At the moment, nothing. We’re poised for another funding crisis in 2019. Just like 2017. And 2012. And 2002*. Will I find myself leading another march for science, asking the government to fund PEARL again in a couple years? (I discussed this in a recent Story Collider event: script here.)

This temporary funding for PEARL is necessary because the Trudeau government decided not to continue or replace the existing formal funding mechanism, the Canadian Climate and Atmospheric Research (CCAR) program. CCAR supported several major research projects, one of which was PEARL. CCAR was evaluated by NSERC a year ago (online report & infographic), which recommended continued funding because it provided unique and much-needed support for Canadian scientists. It even noted PEARL wouldn’t exist without CCAR – it “saved PEARL” in 2013. But no money was allocated to continue CCAR in the spring budget, creating a crisis in Canadian climate science funding. Other affected projects are still without a clear path forward.

Minister of Science Kirsty Duncan was quoted by the CBC saying:

Climate change research and the Arctic are far too important and they deserve more than one-off efforts. They deserve a comprehensive, thoughtful, approach.”

She is absolutely right. But what we have at the moment is another one-off effort. What we need next is the comprehensive, thoughtful approach.

CCAR wasn’t perfect. It only had one scale of project funding and was designed to accept proposals only once every five years. The funds had limitations, e.g. PEARL couldn’t pay for electricity using CCAR grant money. And clearly the CCAR structure wasn’t immune from political winds. It existed briefly, to pick up the pieces after an earlier, larger funding program was left to crumble by the Harper government, only to be ended by the Trudeau government. This hardly seems to have been a stable, long-term platform for supporting climate science.

Canada can do better.

We could create a foundation to administer climate and atmospheric research funding. It could be set up at arms-length from the government with an eye on the long-term nature of the issues. It should offer support for research at multiple scales, and have regular calls for new proposals. This was done before, in the early 2000s. It was called the Canadian Foundation for Climate and Atmospheric Sciences (CFCAS), and was ended in 2011 by the Harper government. This precipitated PEARL’s 2012 funding crisis.
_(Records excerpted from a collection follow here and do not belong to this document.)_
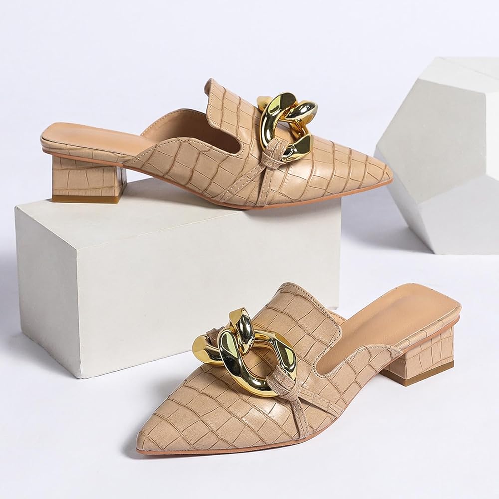 • تصميم السلسلة المعدنية: البغال الكلاسيكية المغلقة المغلقة مع ديكور مشبك معدني عصري ، مما يجلب لك نظرة edlgy ، هي مزيج مثالي من الأناقة والجاذبية.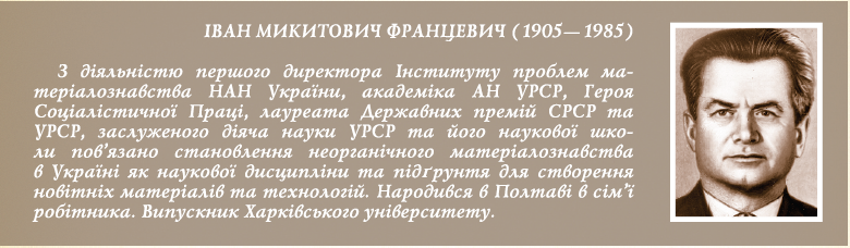 З діяльністю фізико-хіміка та матеріалознавця, організатора науки і першого директора Інституту проблем матеріалознавства НАН України, академіка НАН України, Героя Соціалістичної праці Івана Микитовича Францевича та його наукової школи пов’язано становлення неорганічного матеріалознавства в Україні як наукової дисципліни та підґрунтя для створення новітніх матеріалів та технологій. Цю лабораторію було 1955 р. реорганізовано в Інститут металокераміки та спеціальних сплавів АН УРСР, директором якого він став.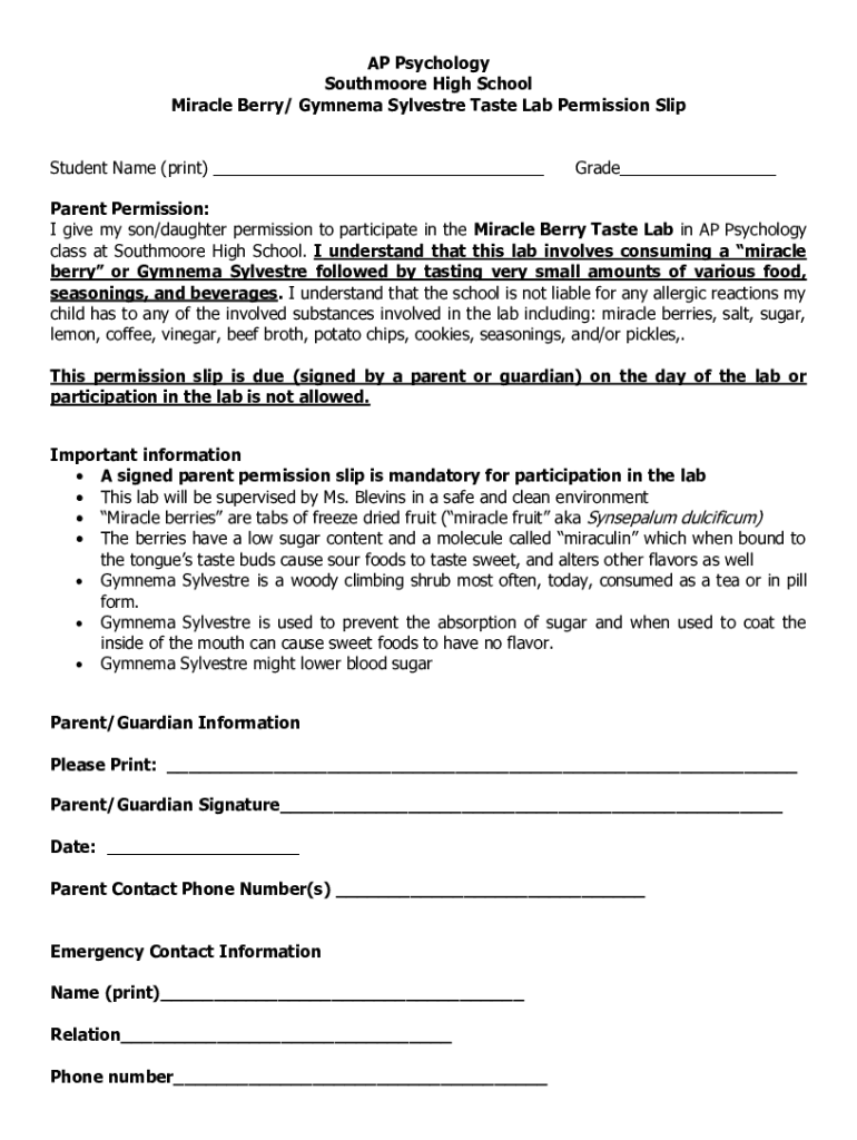 AP Psychology Sophomore High School Miracle Berry/ Cinema Sylvester Taste Lab Permission Slip Student Name (print) ___Grade___Parent Permission: I give my son/daughter permission to participate in

CFCAS was a good model that could be used as inspiration for this government’s own solution. Its annual reports are still available online, and outline the enormous impact it had in ensuring that Canada was a leader in atmospheric and climate science – exactly the outcome yesterday’s press release identifies as the big picture goal.
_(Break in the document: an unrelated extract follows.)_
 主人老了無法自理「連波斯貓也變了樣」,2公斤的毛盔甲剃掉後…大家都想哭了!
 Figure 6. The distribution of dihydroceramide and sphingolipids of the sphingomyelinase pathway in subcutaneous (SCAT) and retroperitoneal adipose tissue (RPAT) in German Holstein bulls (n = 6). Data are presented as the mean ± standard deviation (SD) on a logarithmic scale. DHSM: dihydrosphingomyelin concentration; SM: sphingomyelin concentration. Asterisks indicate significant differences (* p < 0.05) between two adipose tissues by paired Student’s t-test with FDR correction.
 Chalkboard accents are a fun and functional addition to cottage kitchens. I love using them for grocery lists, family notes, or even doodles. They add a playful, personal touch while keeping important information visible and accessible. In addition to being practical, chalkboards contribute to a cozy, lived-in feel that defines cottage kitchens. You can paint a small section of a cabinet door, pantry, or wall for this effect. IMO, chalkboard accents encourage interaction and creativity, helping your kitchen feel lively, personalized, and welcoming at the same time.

Emergency last-minute funding squeezed out of somewhere is not the way Canada should support important science. We need stable, long-term funding for climate and atmospheric research, guided by a vision for Canadian science and environmental stewardship.

Our next step, as scientists, citizens, and science advocates, should be to push Canada to create a plan to secure Canadian climate and atmospheric science expertise and leadership for the long-term.

 

* The PEARL Ridge Lab was originally constructed in 1992 by Environment Canada to monitor stratospheric ozone depletion under the name Arctic Stratospheric Observatory, or AStrO. Due to cuts to research funding, AStrO closed in 2002. See, for example, EC’s old webpage on AStrO. It took a few years for Canadian academics to re-open the facility as PEARL. It was significantly expanded under the leadership of Prof. Jim Drummond. 

Dan Weaver at the 80 degree north sign between Eureka, NU and the PEARL Ridge Lab
Dan Weaver at the 80 degree north sign between Eureka, NU and the PEARL Ridge Lab.